What is required → From the first line to the last, print the material exactly, skipping the pictures.

Records to use →

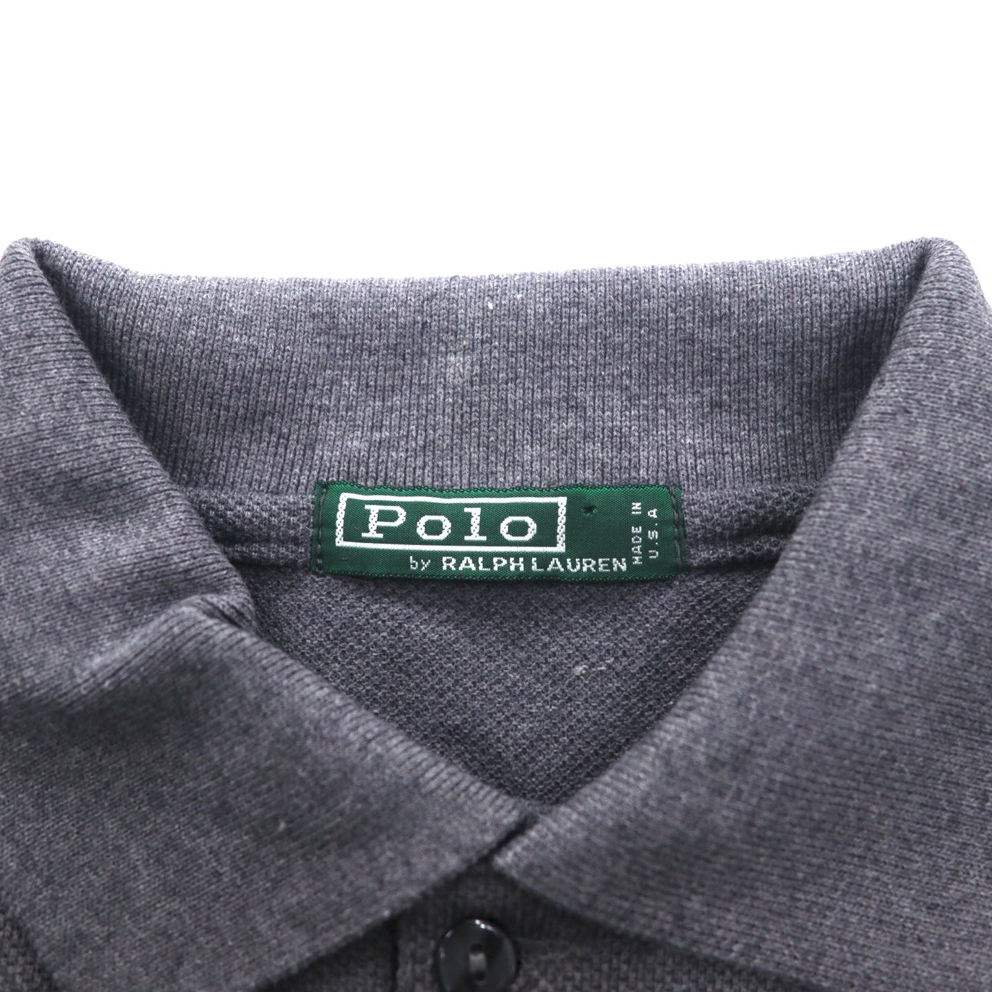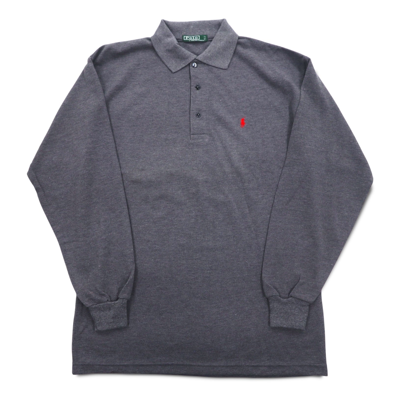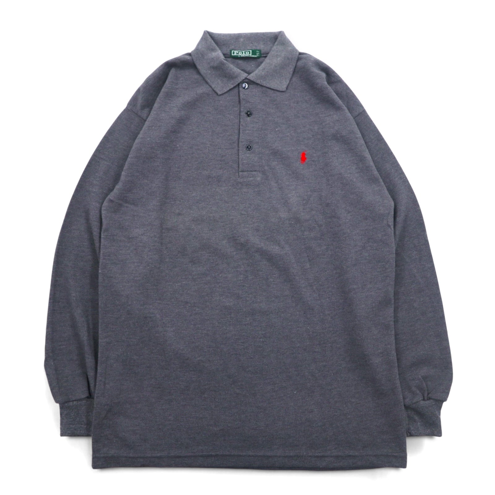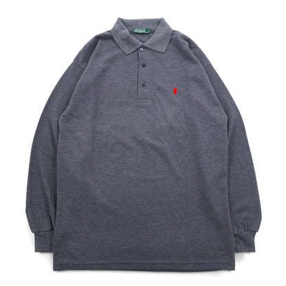 Polo by Ralph Lauren USA製 長袖ポロシャツ XL グレー コットン 鹿の子 スモールポニー刺繍
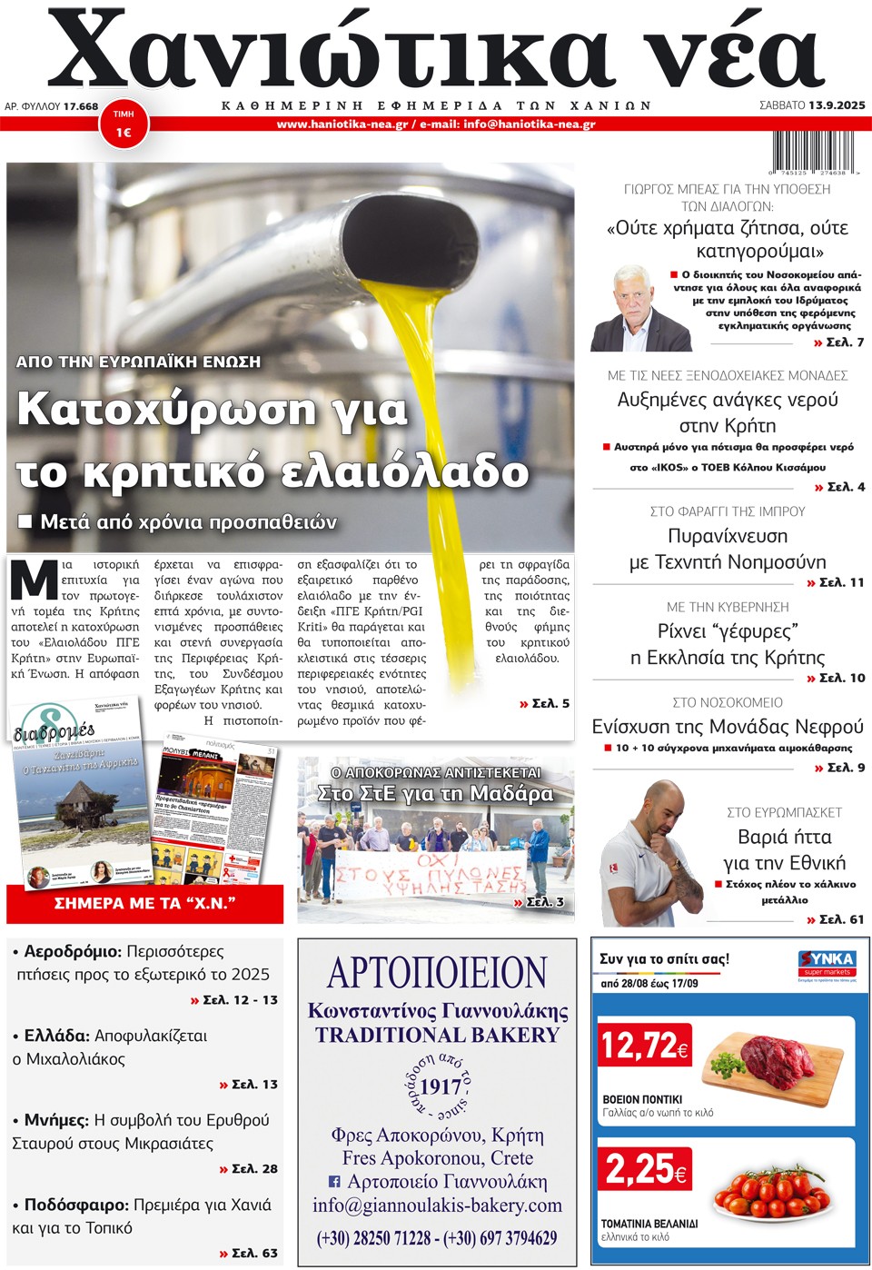 ΧΑΝΙΩΤΙΚΑ ΝΕΑ - 13 Σεπτεμβρίου 2025
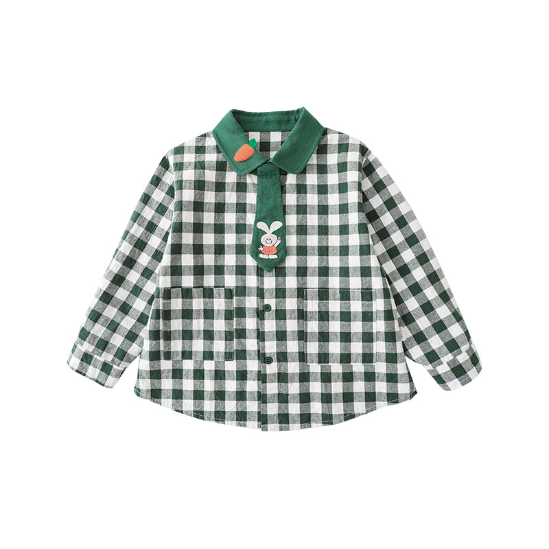 Wurib a 아이 토끼 자수 탈부착 격자 무늬 셔츠 바지 봄과 가을 소년 착용 양복 조끼 세트
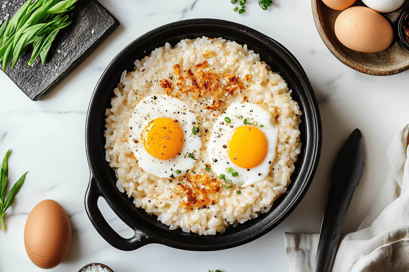 Imagine a plate of golden, crispy rice paired with two perfectly cooked eggs one with a velvety yolk and the other with a firm white. The crunch of the rice contrasts beautifully with the creamy eggs, creating a symphony of textures and flavors. A comforting and satisfying dish that will leave you craving more with every bite.
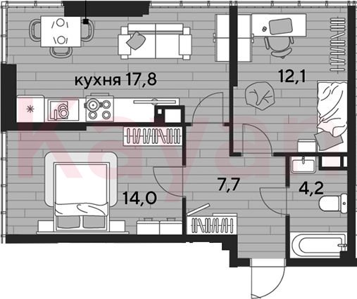 Продажа 2-комн. квартиры, 55.8 кв.м
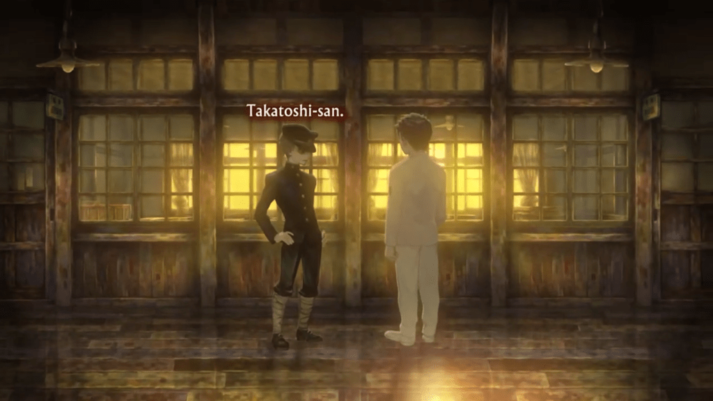 Miura’s route initially starts with the future adult Miura conversing with adult Natsuno, musing about conflicts of extraterrestrial wars and living during the pacific war. His route really begins when he arrives at the Sakura National School Wooden Building (the same one that is still present in 1985, actually) when it was brand new, where he meets with Takatoshi, who laments the state of the building.
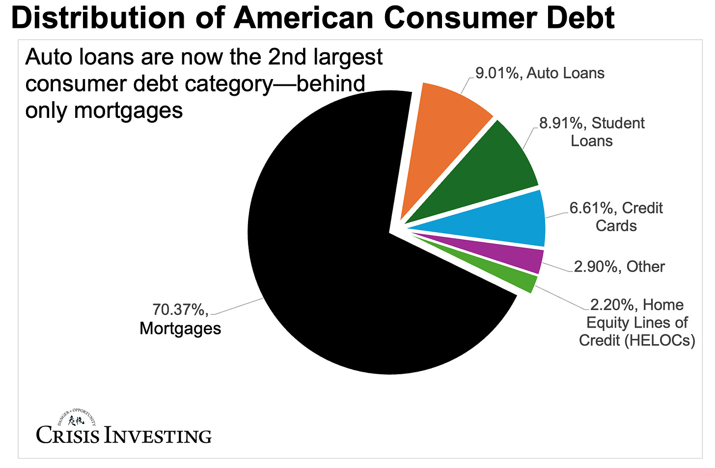 The trend has been so relentless that car loans now make up the second-largest consumer debt category—behind only mortgages. Just take a look at the distribution of American consumer debt below.
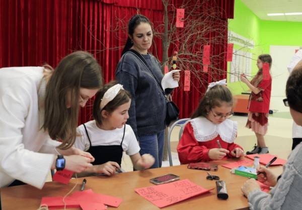 当地时间2025年2月8日,中国春节庆祝活动在莫斯科548学校举行。图为俄罗斯小学生制作中文祈福卡。 中新社记者 田冰 摄
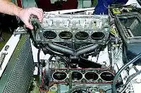 Отворачиваем гайки крепления подушек левой и правой опор силового агрегата к кронштейнам поперечины передней подвески (см. Снятие опор силового агрегата).
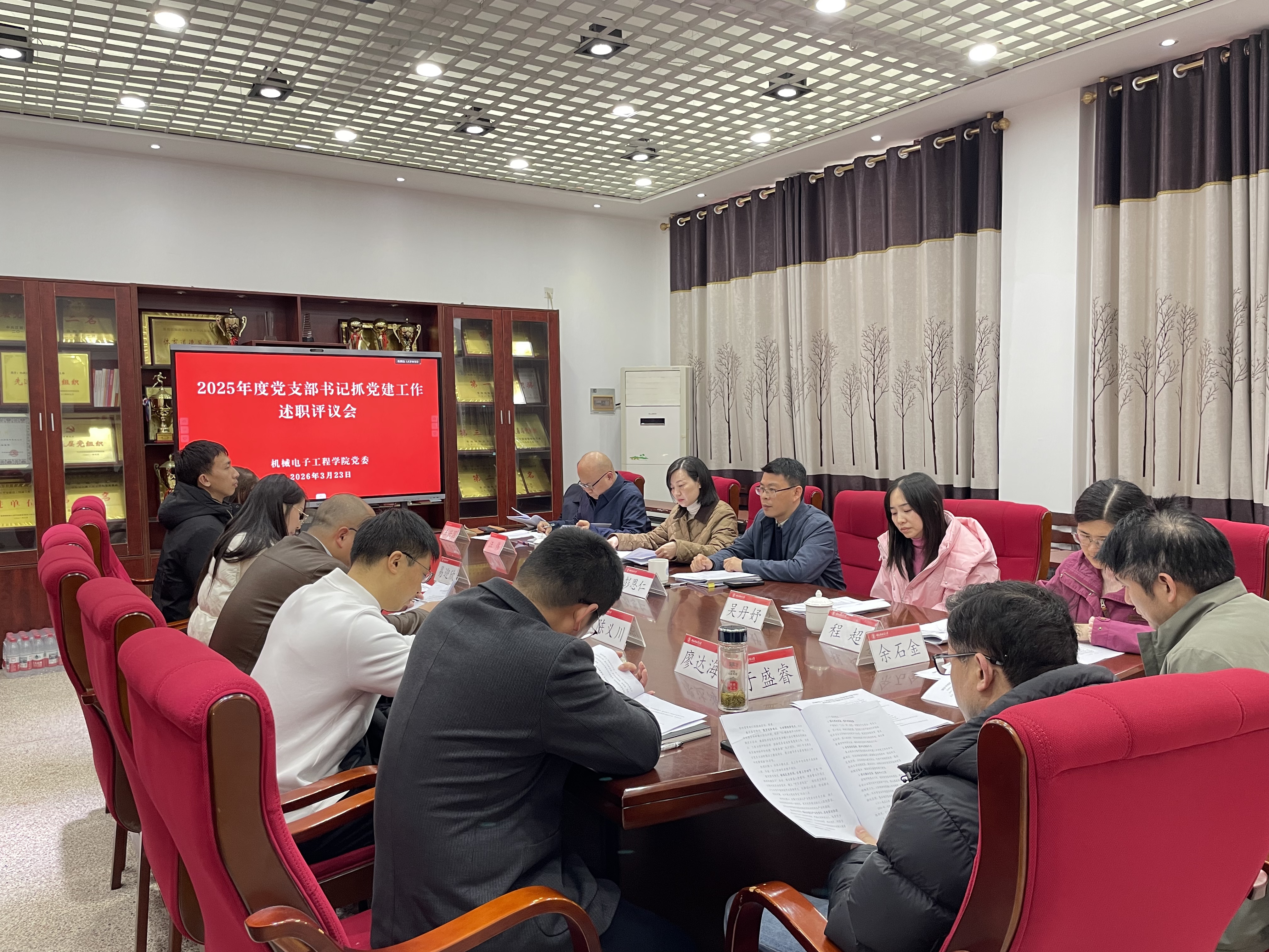 本网讯(李治家)3月23日,学院在党员活动室召开2025年度党支部书记抓党建工作述职评议会议。校党建指导组组长、体育学院党委书记王晓丽和组织员程超到会指导。学院党委书记彭恩仁主持会议并进行逐一点评,学院党委委员出席并进行现场打分评议。全体党支部书记参会并逐一述职。
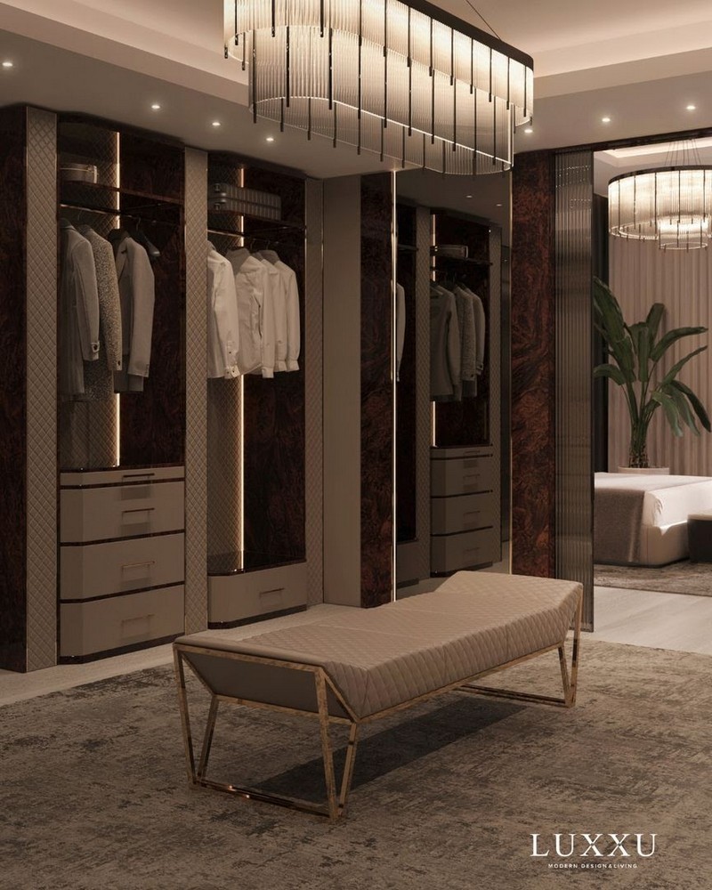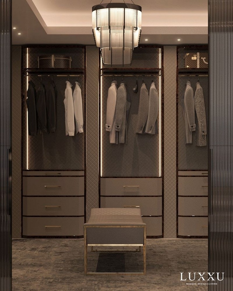 Again this modern closet allows us to see how the neutral tones can easily be combined with golden details and give a touch of luxury to the walk-in closet, besides the light that this closed space needs. Here you can also see the modern bench and the chandelier.
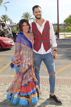 Chabelita Pantoja posando con su pareja Asraf Beno a su llegada a la Maestranza de Sevilla para ver una corrida de toros de la Feria de Abril 2019.
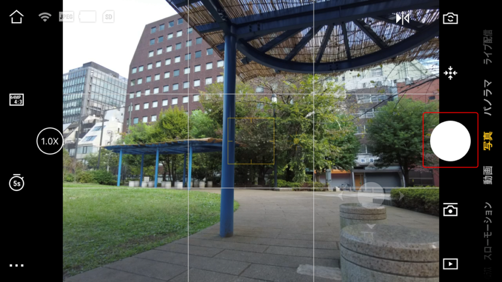 言うまでもないかもしれませんが、シャッターボタンは右側のマルです。

Output below →
 Polo by Ralph Lauren USA製 長袖ポロシャツ XL グレー コットン 鹿の子 スモールポニー刺繍
 ΧΑΝΙΩΤΙΚΑ ΝΕΑ - 13 Σεπτεμβρίου 2025
 Wurib a 아이 토끼 자수 탈부착 격자 무늬 셔츠 바지 봄과 가을 소년 착용 양복 조끼 세트
 Imagine a plate of golden, crispy rice paired with two perfectly cooked eggs one with a velvety yolk and the other with a firm white. The crunch of the rice contrasts beautifully with the creamy eggs, creating a symphony of textures and flavors. A comforting and satisfying dish that will leave you craving more with every bite.
 Продажа 2-комн. квартиры, 55.8 кв.м
 Miura’s route initially starts with the future adult Miura conversing with adult Natsuno, musing about conflicts of extraterrestrial wars and living during the pacific war. His route really begins when he arrives at the Sakura National School Wooden Building (the same one that is still present in 1985, actually) when it was brand new, where he meets with Takatoshi, who laments the state of the building.
 The trend has been so relentless that car loans now make up the second-largest consumer debt category—behind only mortgages. Just take a look at the distribution of American consumer debt below.
 当地时间2025年2月8日,中国春节庆祝活动在莫斯科548学校举行。图为俄罗斯小学生制作中文祈福卡。 中新社记者 田冰 摄
 Отворачиваем гайки крепления подушек левой и правой опор силового агрегата к кронштейнам поперечины передней подвески (см. Снятие опор силового агрегата).
 本网讯(李治家)3月23日,学院在党员活动室召开2025年度党支部书记抓党建工作述职评议会议。校党建指导组组长、体育学院党委书记王晓丽和组织员程超到会指导。学院党委书记彭恩仁主持会议并进行逐一点评,学院党委委员出席并进行现场打分评议。全体党支部书记参会并逐一述职。
 Again this modern closet allows us to see how the neutral tones can easily be combined with golden details and give a touch of luxury to the walk-in closet, besides the light that this closed space needs. Here you can also see the modern bench and the chandelier.
 Chabelita Pantoja posando con su pareja Asraf Beno a su llegada a la Maestranza de Sevilla para ver una corrida de toros de la Feria de Abril 2019.
 言うまでもないかもしれませんが、シャッターボタンは右側のマルです。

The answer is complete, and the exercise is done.